The British were not part of the group of countries that gave birth the European Coal and Steel Community (ECSC), a movement to prevent the recurrence of armed conflict at European level, led by France and Germany. However the British were one of the major players in the Second World War, decisive in the victory against the Nazis. The ECSC evolved and in 1973 led to the European Economic Community of which the UK was a founding member. In 1992, it was also one of the states that formed the European Union.

However, the formula chosen to participate in the club reveals that the marriage between the British Isles and the Union has always been more a matter of convenience than love. This state is the only one of the founders of European club that has not adopted the Euro or acceded to the Schengen treaty. Nor has it signed the 2011 budgetary stability pact. It is not surprising that this "humus" stimulated the starkest populism to blame the European Union for much more than the problem generated in all European countries by the economic and financial crisis, or the crisis of refugees.

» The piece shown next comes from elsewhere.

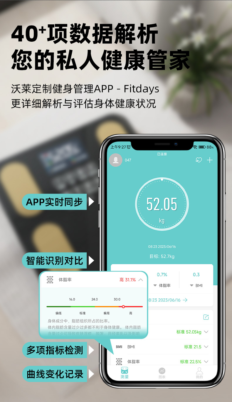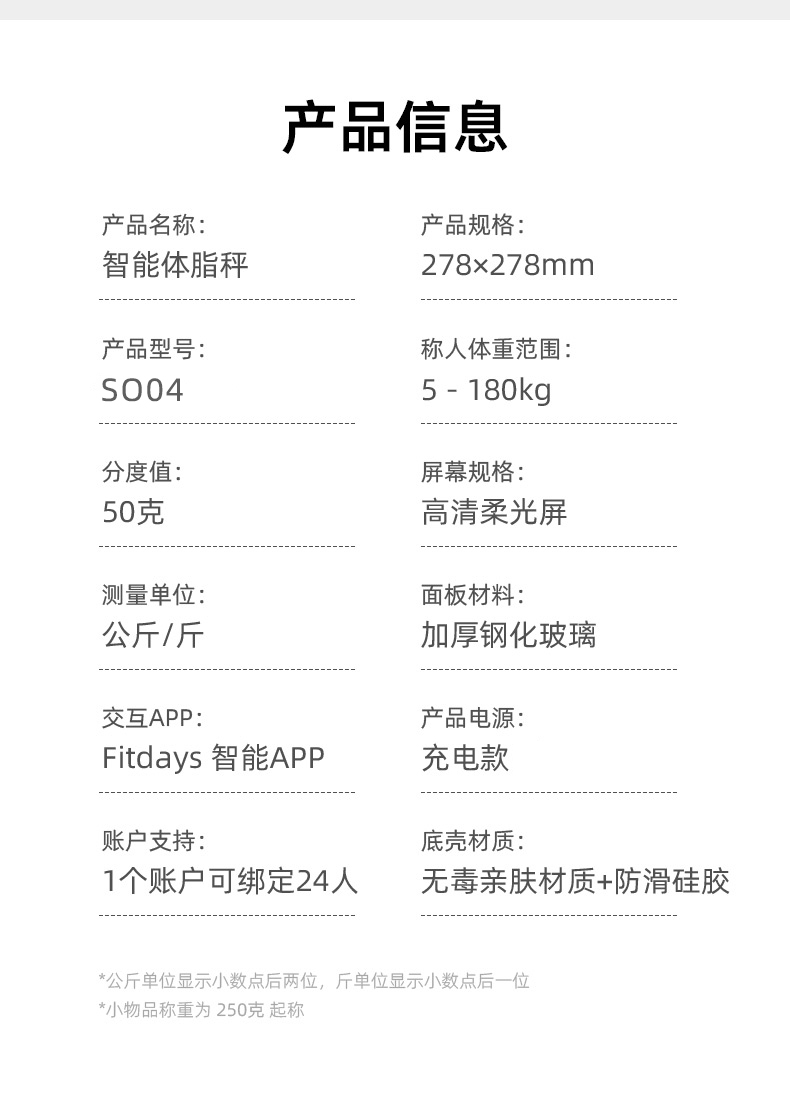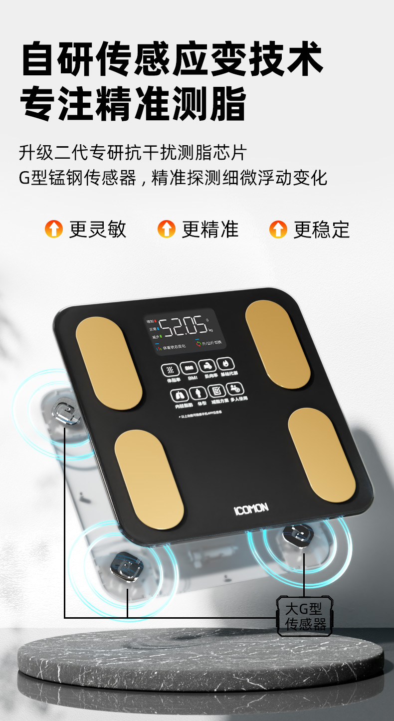 沃莱(ICOMON) SO04 278*278mm 智能体脂秤 黑色(单位:台)

Untrustworthy members with strange customs

The idea was as simple as it was attractive. Participating in a club formed by members as heterodox as EU, with members quite far from the level that a true Brit demands of a real club, unreliable members with strange customs was the perfect explanation to understand why there was a decline which began much earlier. The empire had been losing weight and influence precisely since the end of The Second World War. Its citizens did not understand nor assimilate that the colonial model in which its splendour was based on the golden decades is today unsustainable in the open and connected global world.

Sheltered by this suggestive "scapegoat", political movements feathered their electoral nests, such as the weak UKIP and politicians such as the unrepeatable Nigel Farage, capable of to taking leave of his colleagues in the European Parliament leave prior to Brexit, only to rectify later resign as leader his party leader, but retain his parliamentary seat, and yes without renouncing a single very European Euros he gets for his little work in Brussels and Strasbourg.